How To Keep Cyt C Locked Up
"Eventually the most important question would be: Can we prevent the release of cyt c in the heart muscle cells? If we are able to do that, we should be able to prevent apoptosis, and develop novel therapeutic regimens," he said. To answer such questions, Narula and his co-authors explanted the diseased hearts of 16 patients undergoing cardiac transplant, plus five healthy control organs from people who had died of road accidents, and tissues from three donor hearts. They found evidence of apoptosis in the cardiomyopathic hearts but none in the normal controls.

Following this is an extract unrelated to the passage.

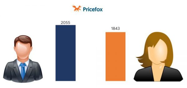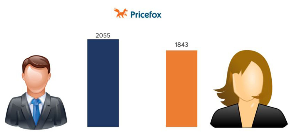 Στο παρακάτω γράφημα παρουσιάζεται η σύγκριση ανάμεσα στο μέσο μικτό μηνιαίο μισθό για άνδρες και γυναίκες στην Ελλάδα.

"There are over 1.5 million people in this country who have congestive heart failures," Narula observed. "Some 400,000 new patients are diagnosed every year with heart failure. We know that this number is increasing, and will continue to increase, because the age of the country's population is increasing; longevity is increasing, as well as heart attacks, which eventually can lead to their heart failure. Previously, people used to die early of the disease. Now, with improved management, deaths are down, so there are more chances that these people would develop the complications of heart attacks, and will have more heart failure.
"The ultimate management strategy that we have," Narula pointed out, "is cardiac organ transplantation. But it's available to not more than 2,500 patients in a year. So we need to explore these apoptosis-preventing pharmacological or genetic strategies that are able to prevent congestive heart failure, because the five-year survival outcome after the diagnosis is dismal."